High-Throughput Identification of Crystalline Natural Products from Crude Extracts Enabled by Microarray Technology and microED

Discovery of cancer immunogenic chemotherapeutics represents an emerging, highly promising direction for cancer treatment that uses a chemical drug to achieve the efficacy of both chemotherapy and immunotherapy. Herein we report a high-throughput screening platform and the subsequent discovery of a new class of cancer immunogenic chemotherapeutic leads. Our platform integrates informatics-based activity metabolomics for rapid identification of microbial natural products with both novel structures and potent activities. Additionally, we demonstrate the use of microcrystal electron diffraction (MicroED) for direct structure elucidation of the lead compounds from partially purified mixtures. Using this strategy to screen geographically and phylogenetically diverse microbial metabolites against pseudomyxoma peritonei, a rare and severe cancer, we discovered a new class of leads, aspercyclicins. The aspercyclicins feature an unprecedented tightly packed polycyclic polyketide scaffold that comprises continuous fused, bridged, and spiro rings.
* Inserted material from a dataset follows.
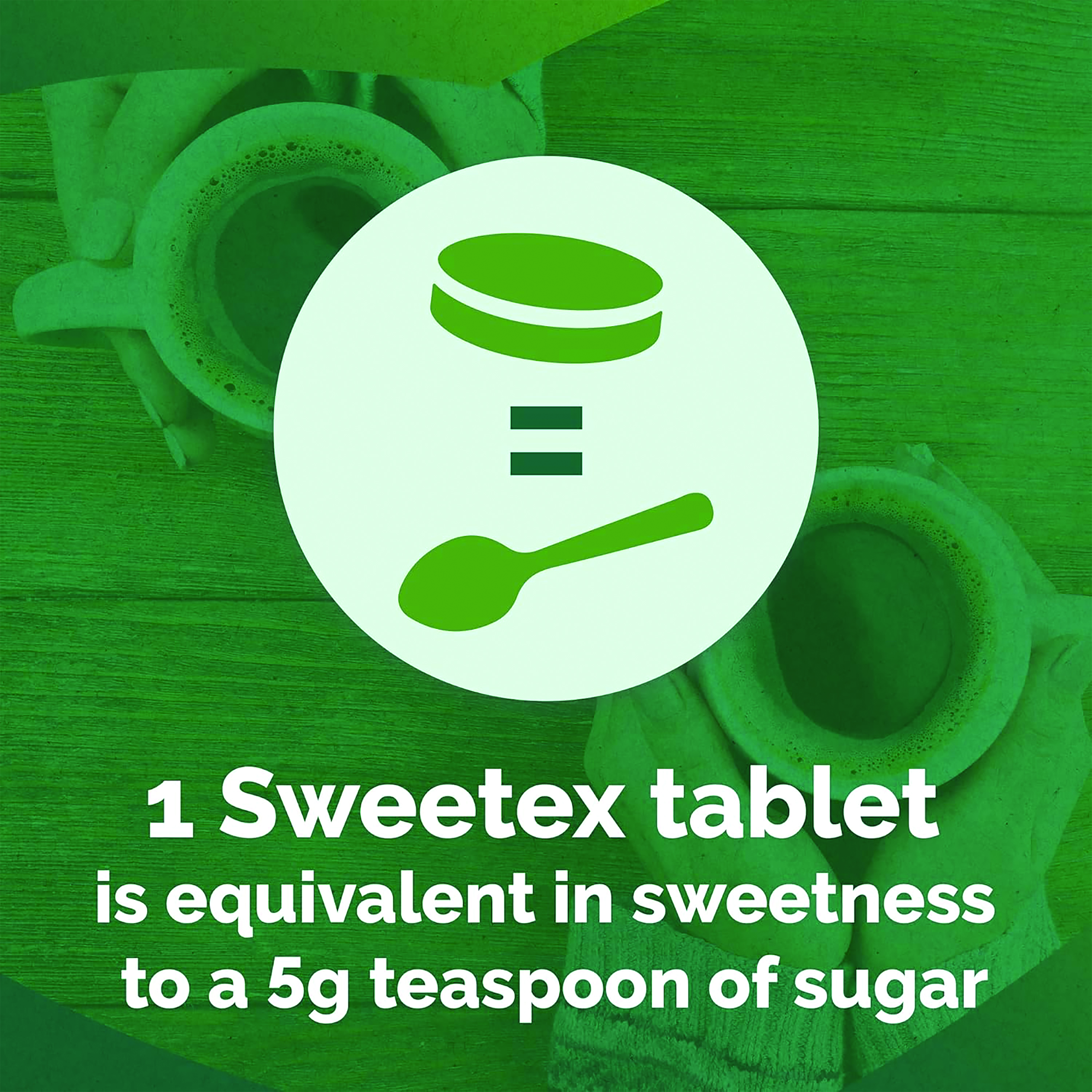 - One tablet is the equivalent in sweetness to a 5g teaspoon of sugar

The biogenesis of aspercyclicins involves two distinct biosynthetic pathways, leading to formation of chimeric compounds that cannot be predicted by bottom-up approaches mining natural products biosynthetic genes. With comparable potency to some clinically used anticancer drugs, aspercyclicins are active against multiple cancer cell types by inducing immunogenic cell death (ICD), including the release of damage-associated molecular patterns and subsequent phagocytosis of cancer cells. The broad-spectrum ICD-inducing activity of aspercyclicins, combined with their low toxicity to normal cells, represents a new class of potential cancer immunogenic chemotherapeutics and particularly the first drug lead for pseudomyxoma peritonei treatment.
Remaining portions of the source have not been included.